/---

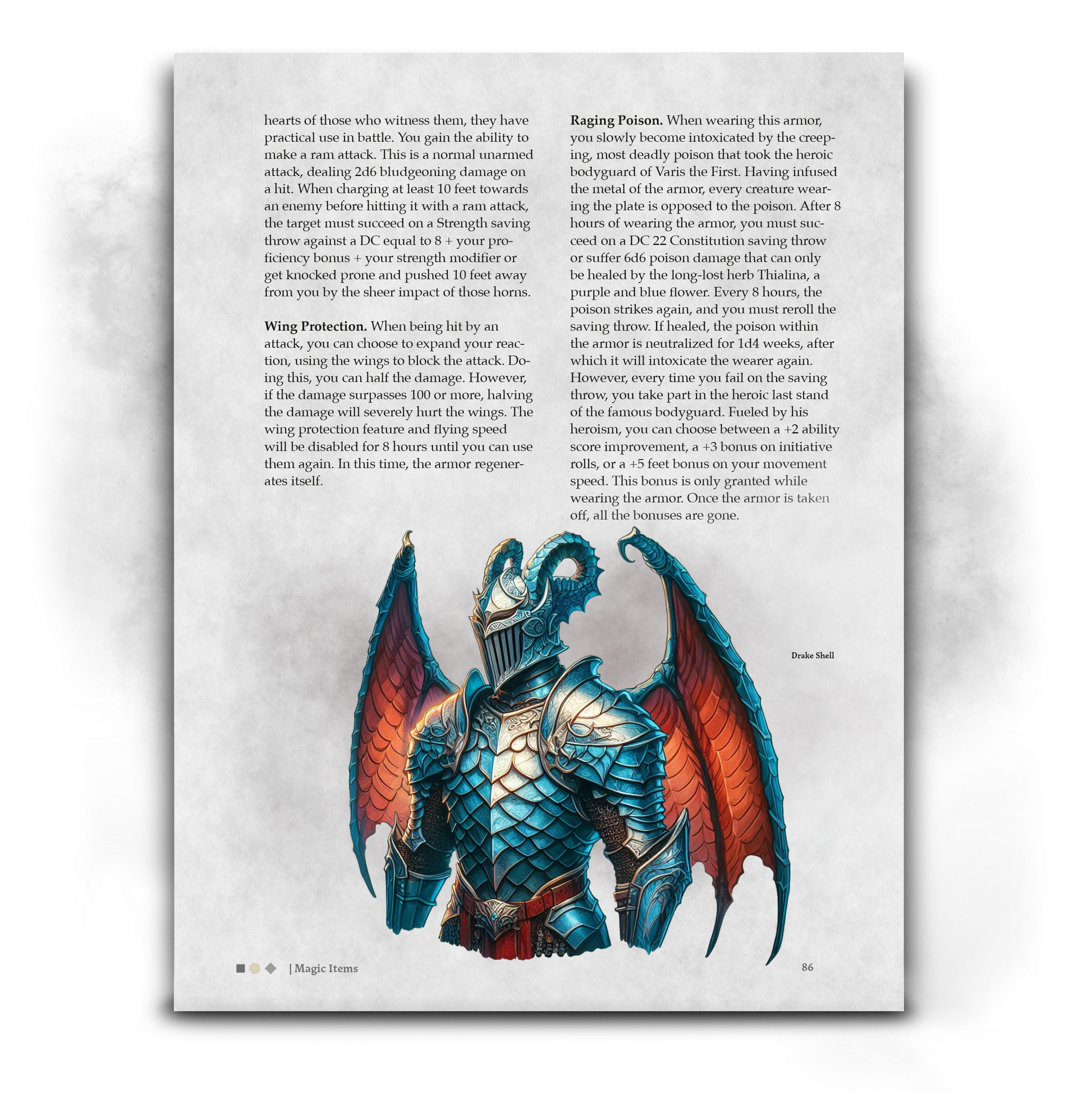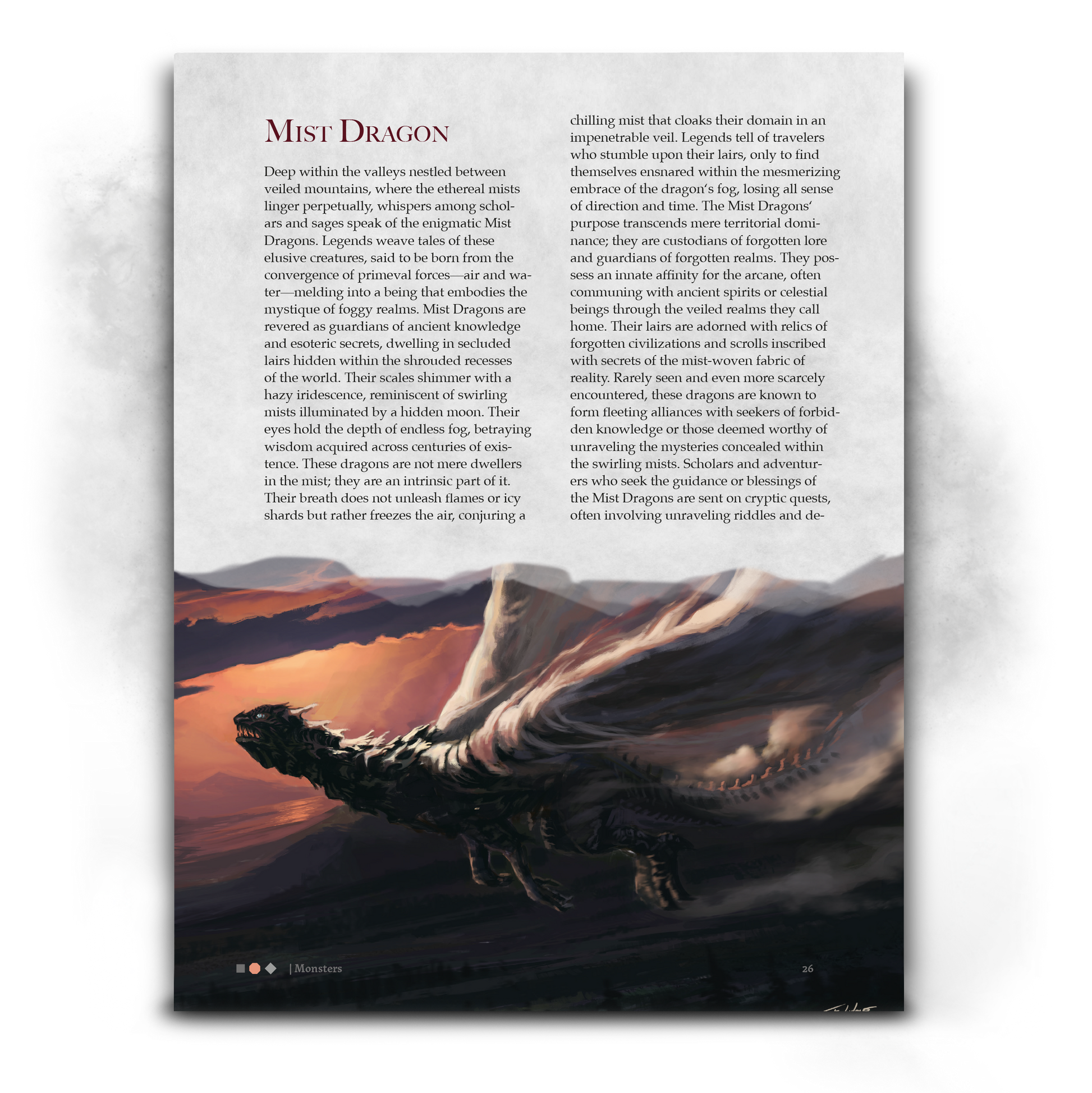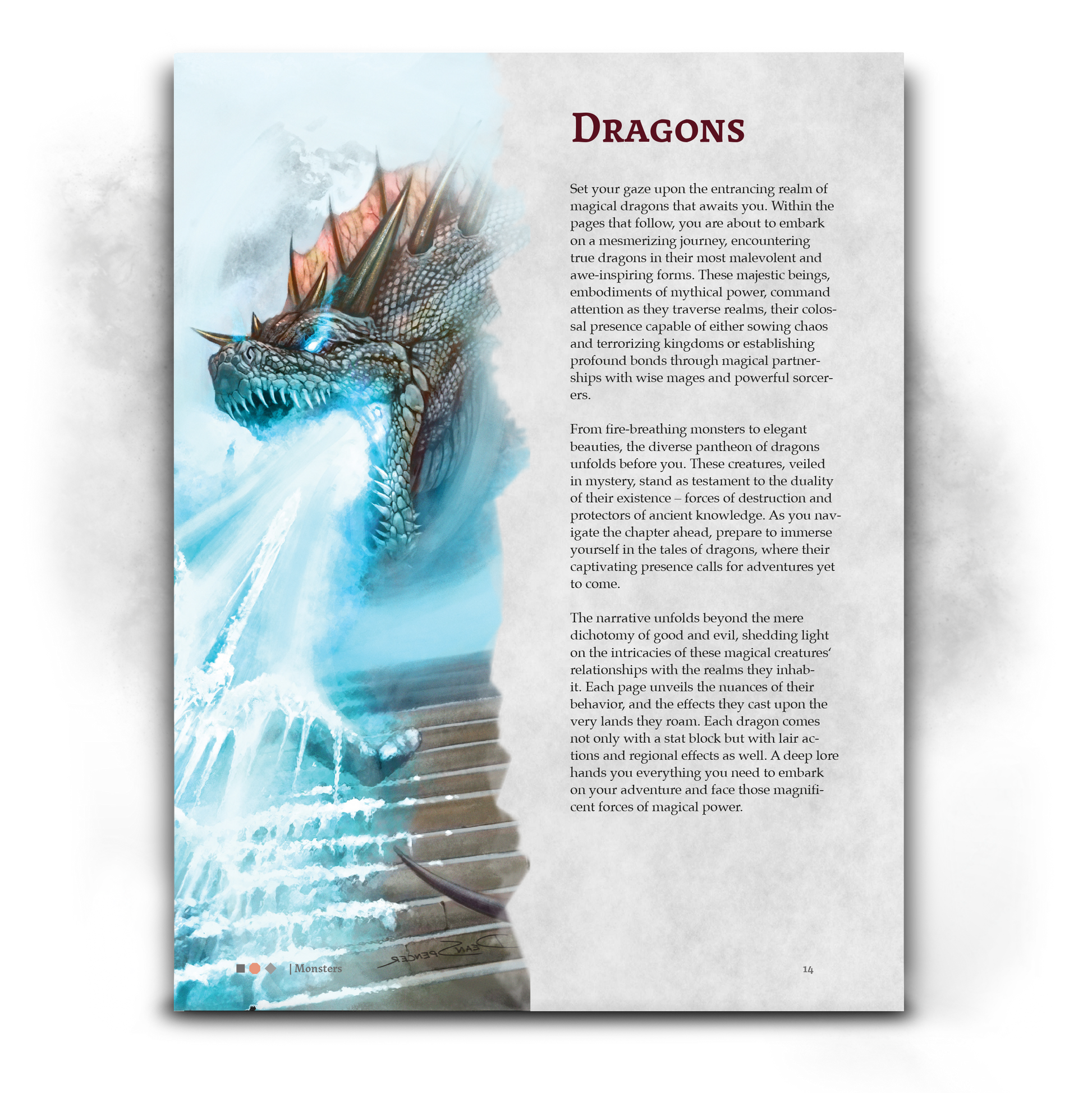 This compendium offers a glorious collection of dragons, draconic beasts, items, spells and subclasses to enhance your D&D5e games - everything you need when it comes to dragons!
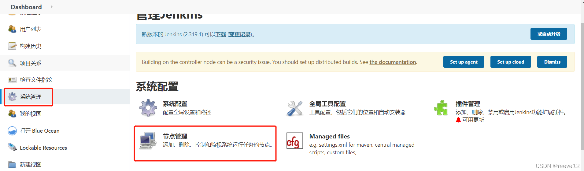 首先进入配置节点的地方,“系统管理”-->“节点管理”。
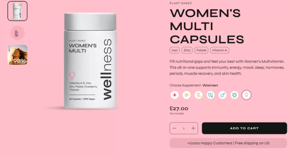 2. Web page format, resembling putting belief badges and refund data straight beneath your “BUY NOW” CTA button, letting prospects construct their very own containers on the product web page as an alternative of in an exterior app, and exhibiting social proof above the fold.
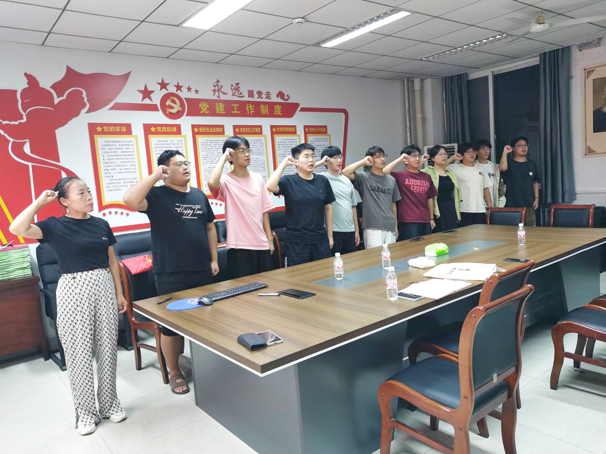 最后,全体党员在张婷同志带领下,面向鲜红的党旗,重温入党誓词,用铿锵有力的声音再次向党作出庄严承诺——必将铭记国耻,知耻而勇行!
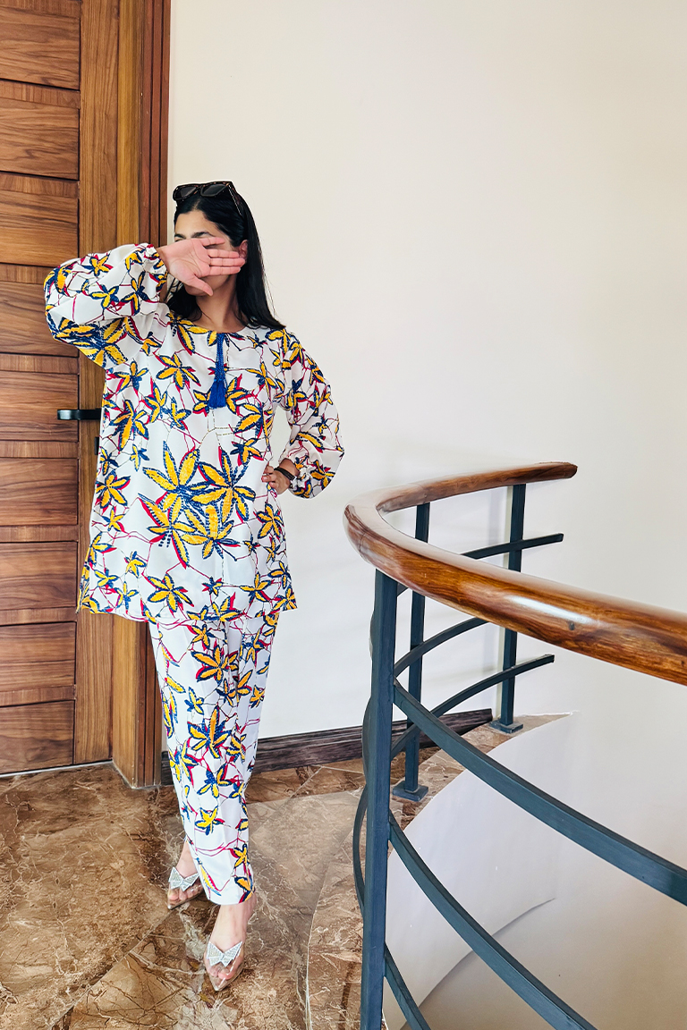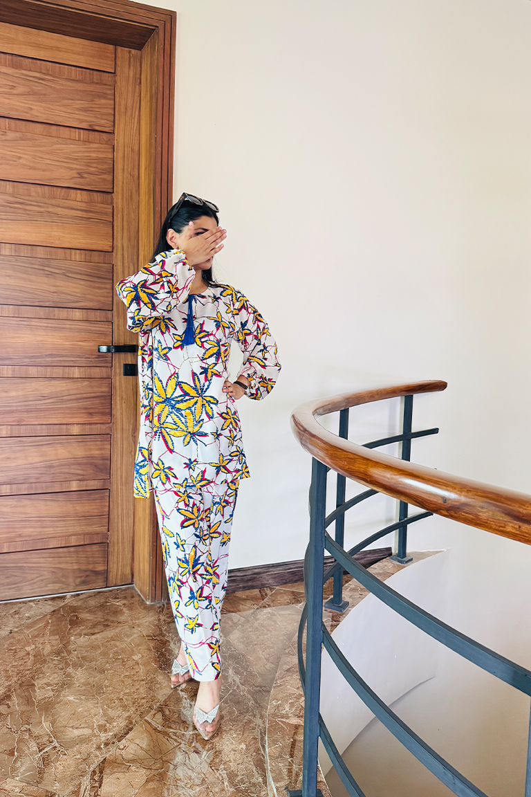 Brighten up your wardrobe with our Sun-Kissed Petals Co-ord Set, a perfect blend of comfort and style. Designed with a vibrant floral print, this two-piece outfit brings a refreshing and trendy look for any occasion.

\---

#### [TASK BRIEF]
The copy should hold exactly the lines from the line containing "最后,全体党员在张婷同志带领" through the end of the data, both ends included, and no pictures.

#### [RESPONSE BOX]
 最后,全体党员在张婷同志带领下,面向鲜红的党旗,重温入党誓词,用铿锵有力的声音再次向党作出庄严承诺——必将铭记国耻,知耻而勇行!
 Brighten up your wardrobe with our Sun-Kissed Petals Co-ord Set, a perfect blend of comfort and style. Designed with a vibrant floral print, this two-piece outfit brings a refreshing and trendy look for any occasion.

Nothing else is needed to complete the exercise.